Proof of stake (PoS) and proof of work (PoW) are the two main methods blockchains use to verify and add transactions (i.e. the consensus mechanism). There are many technical differences but to keep it simple…
- PoS uses 99% less energy, and processes transactions faster and cheaper.
- Many of the newer blockchains (i.e. Avalanche, Near, Cosmos) uses PoS or a variation of it (i.e. Solana uses proof of authority).
Ethereum has been prepping a shift to PoS for years now — which is being tested on the Beacon Chain. While the merge isn’t confirmed, there are 5 indicators for a June date — when the full network will convert to PoS.
But upgrading a network managing billions in smart contracts can be risky — a reason why it has been delayed many times.
The upgrade will have big impacts on ETH supply…
With PoW, miners are rewarded with the network’s crypto (i.e. Bitcoin) for verifying transactions and securing the network.
In PoS, miners are replaced by stakers — who lock up their tokens to keep the network safe — and earn the staked token in exchange.
The merge is expected to reduce rewarded ETH by 90% — ETH inflation falling from 4.3% to 0.43%:
- Before: 12,000 ETH per day is issued to miners.
- After: 1,280 ETH will be issued to stakers.
The theory: Supply goes down, prices go up. Think of this as the Fed printing less money.
But staking has another impact. Stakers lock in their ETH — which becomes untradeable — lowering the available Ethereum supply available on the market.
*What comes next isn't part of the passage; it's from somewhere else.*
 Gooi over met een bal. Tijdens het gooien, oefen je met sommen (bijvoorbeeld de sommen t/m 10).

By staking, investors can earn 4.8% on their ETH — which is expected to rise to 10-15% post-merge — incentivizing more stakers.
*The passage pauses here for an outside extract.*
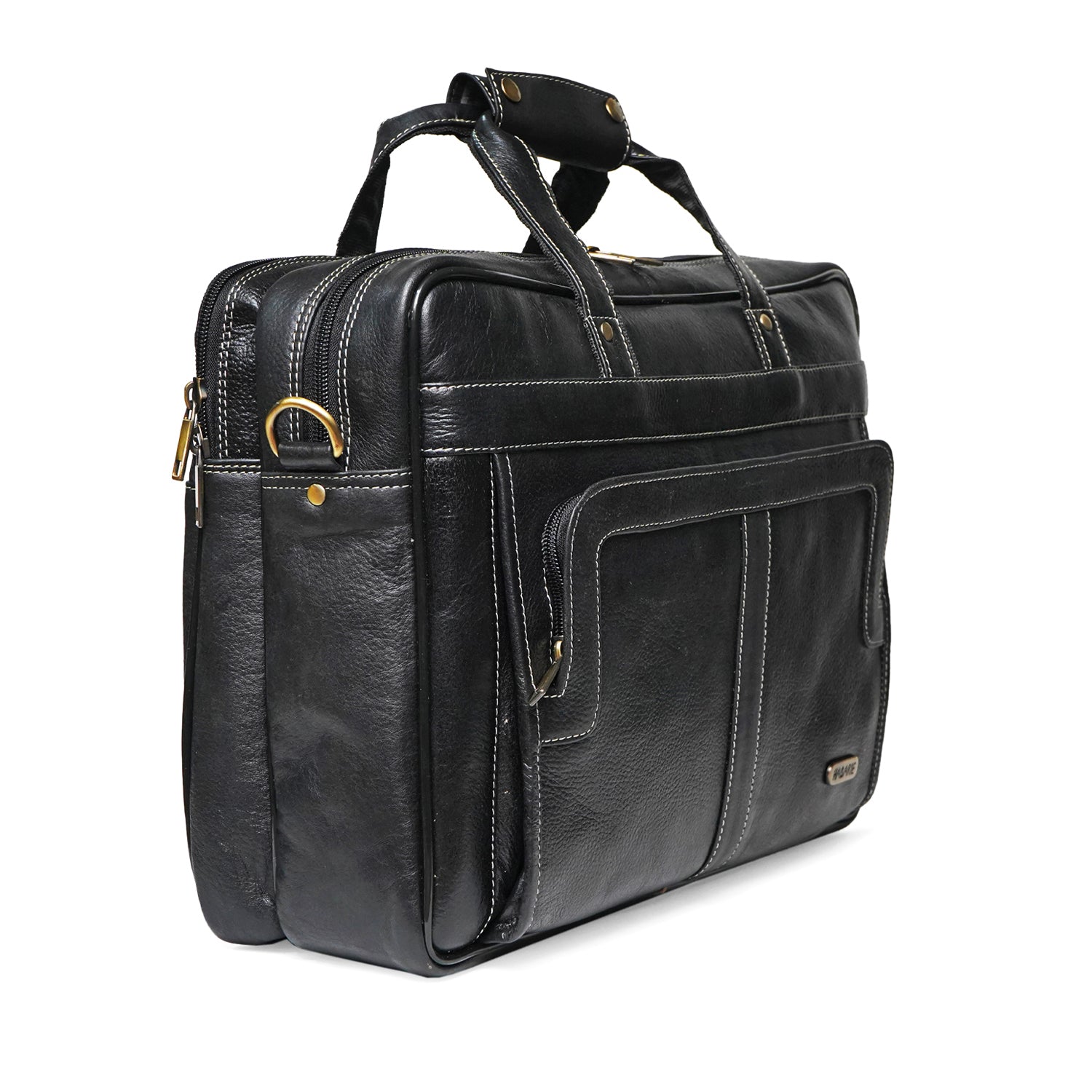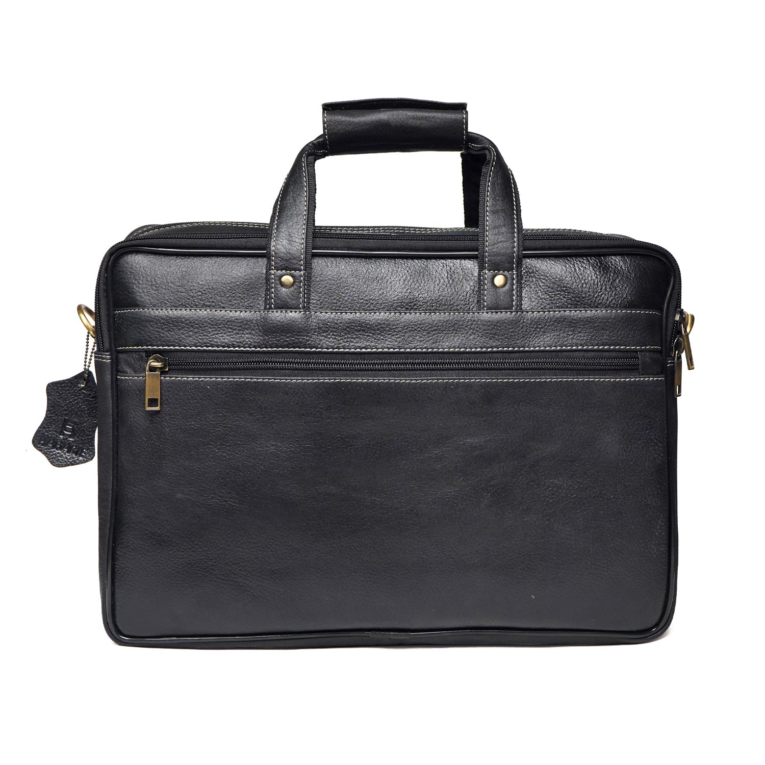 This laptop bag consists of 2 main spacious compartments and 1 front compartment, 1 laptop compartment, 1 inside pocket,1 back pocket, 2 handles and 1 detachable and adjustable sling strap

Investors: Crypto bull market incoming?
Every ~4 years, the amount of BTC rewarded to miners is cut by half (a.k.a. Bitcoin halving) — which reduces new supply and has started new crypto bull markets in past halvings.
While the BTC halving reduces new BTC supply by 50%, the Ethereum merge reduces new ETH supply by 90%.
- Halving x3: Per Bankless, it would take three Bitcoin halvings to reduce a similar amount of supply from the ETH merge.
- Meaning: The Ethereum merge could have 3x the impact of a single Bitcoin halving.
Best case — ETH goes on a big run. Worst case — a major network issue occurs during the merge. Typical crypto risks.
Crypto is still down big in recent months — but if Bankless is correct, this could be a major catalyst.